Такой анализ, критика и предвидение, возможны ли они были в незрелом молодом обществе, у которого голова кружилась от тысячи искушений? Такая стойкость и такое терпение не выше ли они вообще сил человеческих?.. Не будем же удивляться, что предки наши сдались и что из набожных, важных, степенных, угрюмых бояр, свято чтивших отцовский обычай и презрительно относившихся ко всему иностранному, вышел вдруг такой рой фразеров, шутов, шаркунов и робких, угодливых подражателей чужеземному образцу. И не осмеем по-хамски наших отцов за то, что они опьянели, хлебнув немного неосторожно из чаши новых и мало знакомых наслаждений... Они согрешили по-человечески, будем и мы судить их по-человечески.

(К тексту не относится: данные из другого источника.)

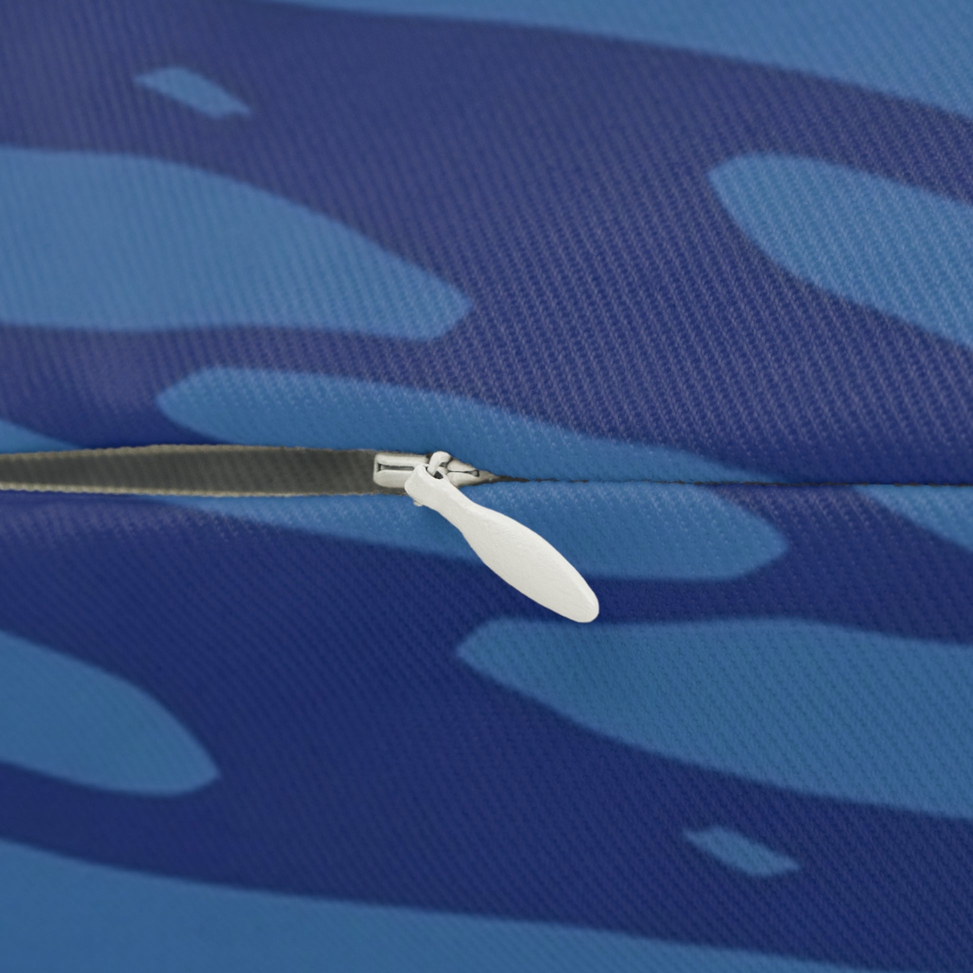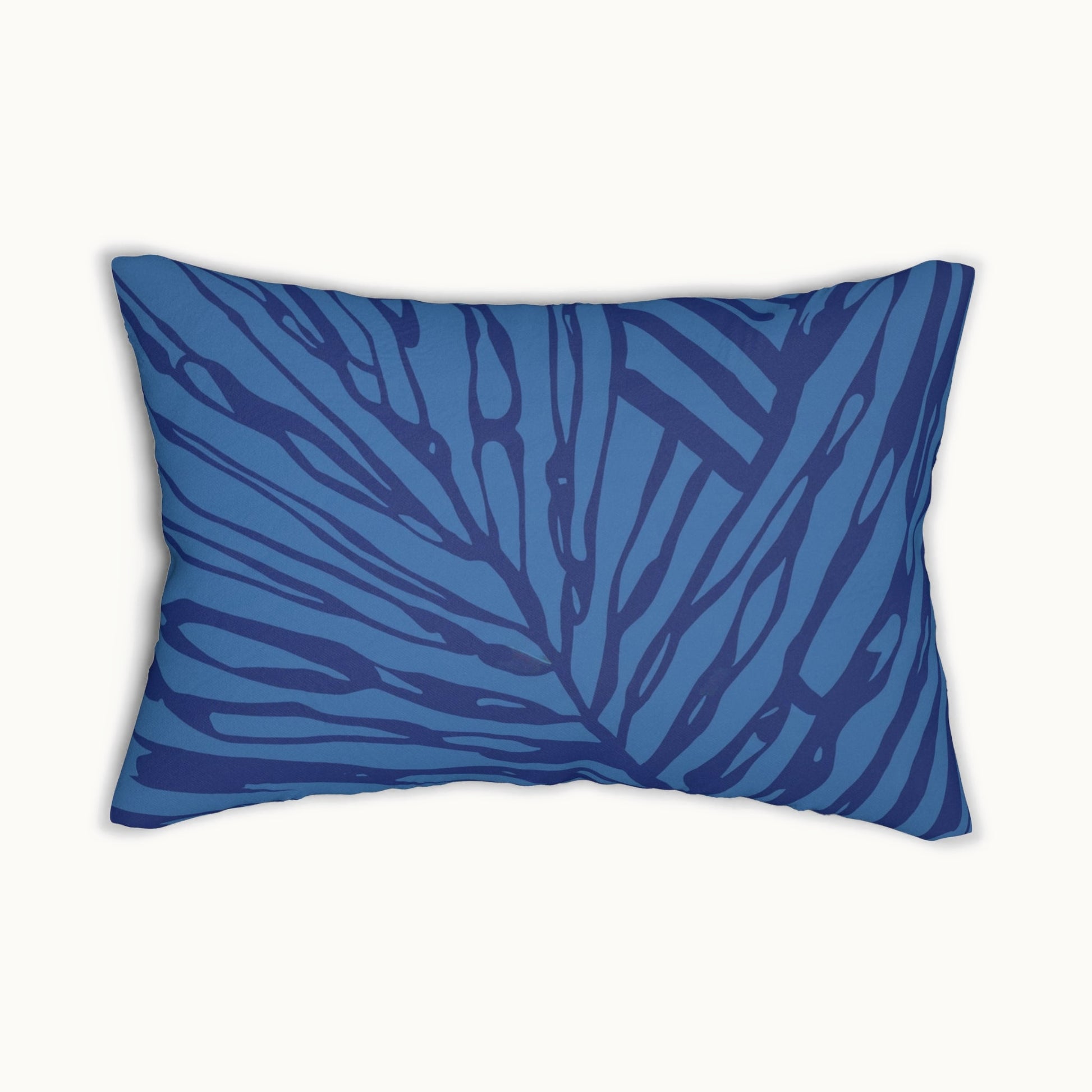 The Blue Frond design becomes your pillow—art that surrounds you in quiet moments.

Таким-то именно человеческим, мягким, сочувственным взглядом и теплым участием к типу, изображенному им, проникнуто сочинение графа Толстого. Он не смотрит сквозь пальцы на этот тип и нисколько его не поэтизирует. Он видит всю правду, всю мелочь и низость нравственного характера и все умственное ничтожество в большинстве людей, им изображаемых, и не скрывает от нас ничего. Напротив, он беспрестанно скребет тонкую кожицу внешнего, европейского лоска и отыскивает под нею варварство; но он далек сердцем от сухого и строгого приговора. Он любит людей, им описываемых, не за какие-нибудь особенные достоинства или заслуги, ибо таких, вообще говоря, налицо не оказывается; а естественною и безотчетной любовью русского к русскому, сына к отцу, участием зрелого и высокоразвитого человека к молодому повесе, который напоминает ему его молодость. Странный упрек, который был сделан ему за эту любовь и это участие, упрек в сословном пристрастии, едва ли заслуживает серьезного опровержения. Какое право имели мы требовать, чтобы он написал пасквиль на барское общество того времени или разразился над прахом его бурей гражданского гнева в тоне поэта Лилиеншвагера? Но если, помимо этого рода педантства, мы вглядимся внимательно в характер бар, им изображаемых, то мы скоро придем к убеждению, что автор им далеко не польстил. Ссылаться для этого на низкий умственный или нравственный уровень таких людей, как все эти Курагины, Друбецкие, Мамонтовы и прочие, и разбирать их характеры порознь мы не имеем нужды. Мы только напомним, что автор не пощадил их и что никакой цеховой обличитель барства не мог бы сказать о нем таких горьких истин, какие высказал граф Толстой.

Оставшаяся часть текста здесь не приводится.